PrepareData: Prepare Data for Two-Condition Within-Subject Mediation (WsMed)

Description

PrepareData() transforms raw pre/post data into the set of variables required by the WsMed workflow. It handles mediators, outcome, within-subject controls, between-subject controls, moderators, and all necessary interaction terms, while automatically centering / dummy-coding variables as needed.

Usage

PrepareData(
  data,
  M_C1,
  M_C2,
  Y_C1,
  Y_C2,
  C_C1 = NULL,
  C_C2 = NULL,
  C = NULL,
  C_type = NULL,
  W = NULL,
  W_type = NULL,
  center_W = TRUE,
  keep_W_raw = TRUE,
  keep_C_raw = TRUE
)

Value

A data frame containing at minimum:

Ydiff
Mi_diff, Mi_avg for each mediator
centered or dummy-coded Cb*, Cw*diff, Cw*avg
centered or dummy-coded W* and all int_* interaction terms

plus the attributes "W_info" and "C_info" described above.

Arguments

data: A data frame with the raw pre/post measures.
M_C1, M_C2: Character vectors: mediator names at occasion 1 and 2 (equal length).
Y_C1, Y_C2: Character scalars: outcome names at occasion 1 and 2.
C_C1, C_C2: Optional character vectors: within-subject control names.
C: Optional character vector: between-subject control names.
C_type: Optional vector of the same length as C. Each element is one of "continuous", "categorical", or "auto" (default). Ignored when C = NULL.
W: Optional character vector: moderator names (one or more).
W_type: Optional vector of the same length as W. Same coding as C_type. Ignored when W = NULL.
center_W: Logical. Whether to center the moderator variable W.
keep_W_raw, keep_C_raw: Logical. If TRUE, keep the original W / C columns in the returned data.

Details

The function performs the following steps:

Outcome difference: Ydiff = Y_C2 - Y_C1.
Mediator variables for each pair (M_C1[i], M_C2[i]):
- Mi_diff = M_C2 - M_C1
- Mi_avg is the mean-centered average of the two occasions.
Between-subject controls C:
- Continuous variables are grand-mean centered (Cb1, Cb2, ...).
- Categorical variables (binary or multi-level) are expanded into k - 1 dummy variables (Cb1_1, Cb2_1, Cb2_2, ...), using the first level as the reference.
Within-subject controls Cw: difference and centered-average versions (Cw1diff, Cw1avg, ...).
Moderators W (one or more):
- Continuous variables are grand-mean centered (W1, W2, ...).
- Categorical variables are dummy-coded in the same way as C.
Interaction terms between each moderator column and each mediator column:
- int_<Mi_diff>_<Wj>, int_<Mi_avg>_<Wj>.
Two attributes are added to the returned data:
- "W_info": raw names, dummy names, level mapping
- "C_info": same structure for between-subject controls.
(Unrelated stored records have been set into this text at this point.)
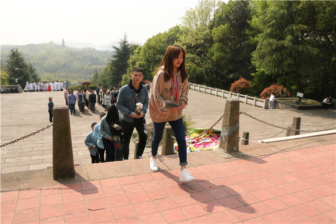 随后,全体同学拾级而上,前往革命烈士纪念碑。在庄严的氛围中,悼念活动正式开始。首先,由团支书帅林茹代表讲话,深切缅怀革命先烈,对他们为国家、为人民所做出的英雄壮举表示崇高的敬意。紧接着,大家在纪念碑前重温入团誓词,并由团小组组长代表献花瞻仰。最后,青年团员集体为烈士默哀一分钟、鞠躬三次,以表达对在各个历史时期殉国忘生的革命先烈的缅怀之情。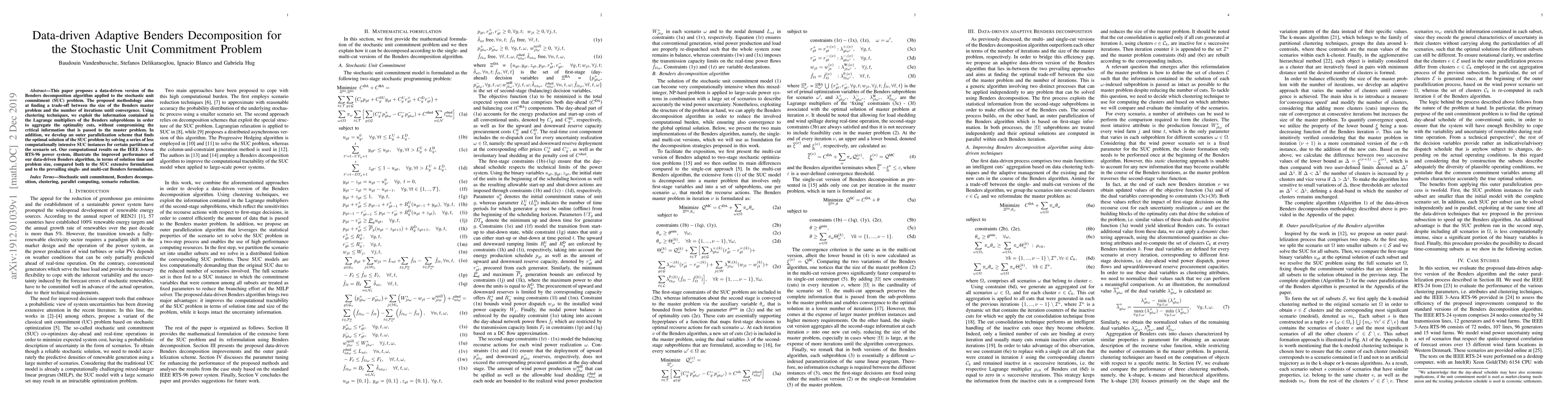 This paper introduces a data-driven adaptive Benders decomposition method for solving the stochastic unit commitment problem, aiming to balance master problem size and iteration count. The approach leverages clustering and parallelization to enhance performance and reduce computational demands.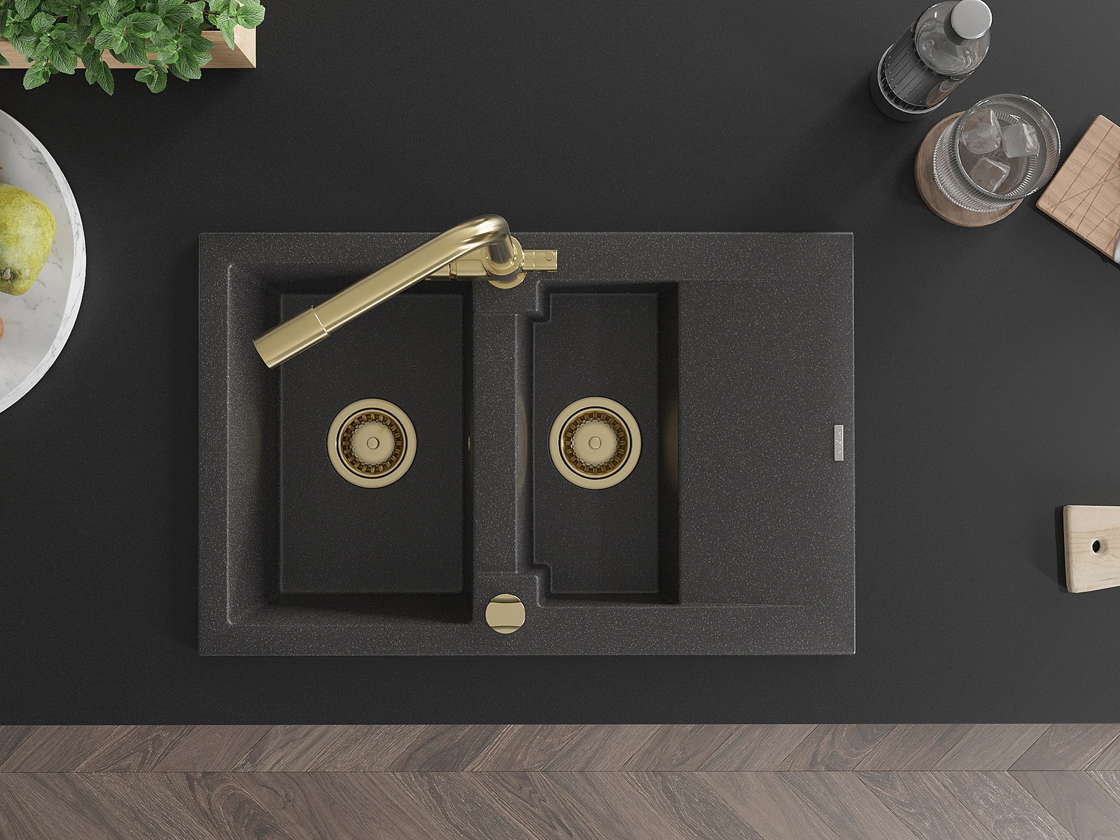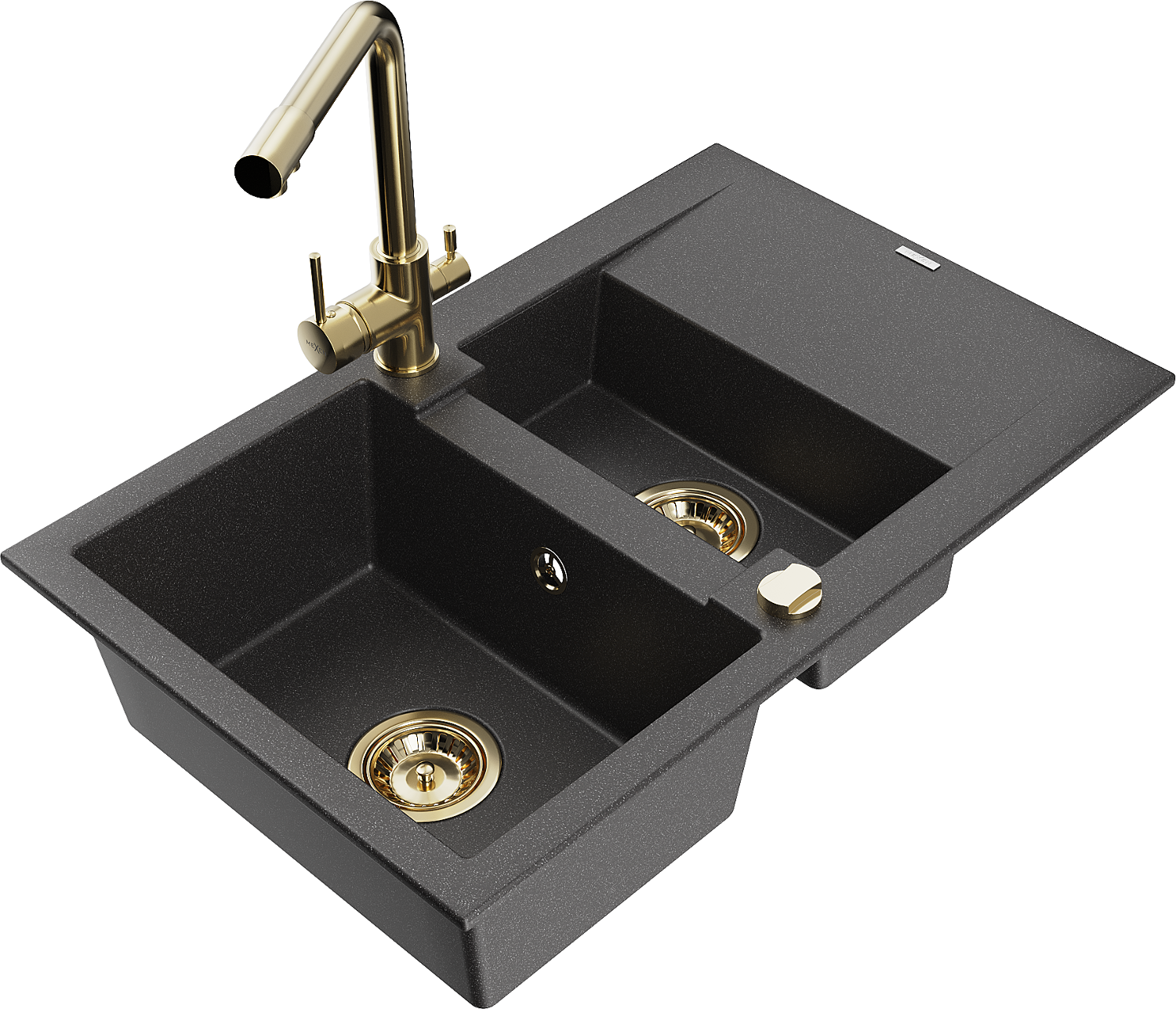 Évier granitique Mexen Gaspar 1,5 bac avec égouttoir et robinet de cuisine Duero, noir moucheté - 6507-76-671600-50

Row counts are preserved even if input factors contain NA values (model.matrix is called with na.action = na.pass).

Examples

Run this code

set.seed(1)
raw <- data.frame(
  A1 = rnorm(50), A2 = rnorm(50),   # mediator 1
  B1 = rnorm(50), B2 = rnorm(50),   # mediator 2
  C1 = rnorm(50), C2 = rnorm(50),   # outcome
  D1 = rnorm(50), D2 = rnorm(50),   # within-subject control
  W_bin  = sample(0:1, 50, TRUE),   # between-subject binary C
  W_fac3 = factor(sample(c("Low","Med","High"), 50, TRUE)) # moderator W
)

prep <- PrepareData(
  data  = raw,
  M_C1  = c("A1","B1"), M_C2 = c("A2","B2"),
  Y_C1  = "C1",         Y_C2 = "C2",
  C_C1  = "D1",         C_C2 = "D2",
  C     = "W_bin",      C_type = "categorical",
  W     = "W_fac3",     W_type = "categorical"
)
head(prep)